# grill pan advantages?



## powerdog (Dec 18, 2010)

When cooking a steak, is there any difference besides appearance when you use a grill pan on a stovetop vs a cast iron skillet?


----------



## jennifer w (Aug 30, 2012)

I wonder if it's worth the investment. Aside from appearance, the food doesn't sit in the oil or sauce so you definitely get a leaner cooked food but taste should be more or less the same if you have a good-quality skillet.


----------



## powerdog (Dec 18, 2010)

I like to cook a strip steak on high in a cast iron skillet for about 2 minutes/side, and almost no fat renders into the pan. It tastes wonderful, but I just tried to imagine how a grill pan could make it even better.


----------



## le plongeur (Jan 6, 2015)

An amateur's opinion:

A grill pan will heat and cool quicker. A cast iron skillet will take longer to heat, impart latent flavours from previous cooking and, if heated long enough, will build more radiant heat which may cook the steak slightly more evenly as opposed to creating _as clean_ a sear and separation.

LP.


----------



## phatch (Mar 29, 2002)

My only grill pans are cast iron so the speed of heating is moot. Grill pans do generate more smoke flavor, though it's not as good as a true grill. You might like Steve Raichlen's book on indoor grilling.


He'll give you some ideas, tips and recipes for getting more out of your grill pan. Full disclosure: The book uses lots of different gear such as Foreman style countertop grills, grill pans, fireplace grates and so on. It's not just grill pans.


----------



## phatch (Mar 29, 2002)

You can duplicate the contact grill effect with a grill pan and a heavy  grill press too.

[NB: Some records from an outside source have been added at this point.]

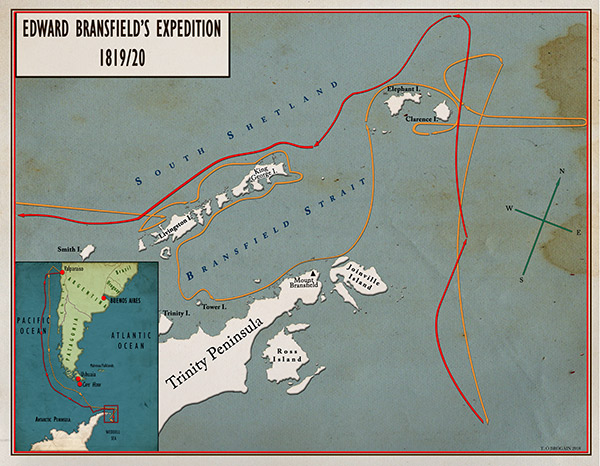 Bransfield had clearly found his calling and remained in the navy when the war came to an end after Napoleon’s defeat at Waterloo in 1815. By 1817 he was master of the veteran frigate Andromache, which had begun life as a French warship before being captured by the British. Under Bransfield’s navigation, the Andromache was posted to the South American port of Valparaiso to safeguard British interests during Chile’s struggle for independence from Spain.
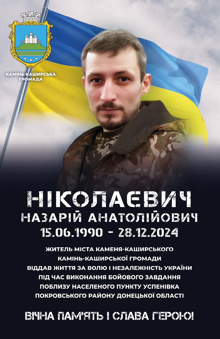 ▪️Минають роковини, як боронячи українську державу, загинув наш краянин, житель міста Каменя-Каширського – Ніколаєвич Назарій Анатолійович.
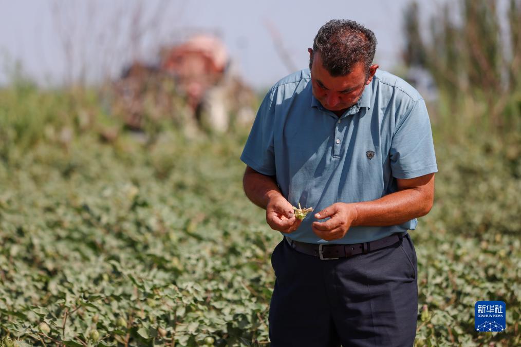 8月17日,爾肯·熱衣木撿起一株乾枯的棉桃,分析棉桃乾枯原因。

Heat the grill press and the grill pan, put the food in the grill pan, top with the hot grill press. Works pretty well and is easier to store.  You can't do as much as fast either, but for one or two people, it's a useful trick.


----------



## tiemu (Jul 24, 2014)

Since I replaced my cast iron skillet with a cast iron grill pan, I don't overcook steak anymore. I get tasty bits of caramelisation with the grill marks but a tender pink interior perhaps because there's not as much heat. The flat surface of a skillet always resulted in either the steak's interior being overcooked or the exterior undercaramelised. I cook beef/lamb steak at full heat, turning once after about 2 minutes.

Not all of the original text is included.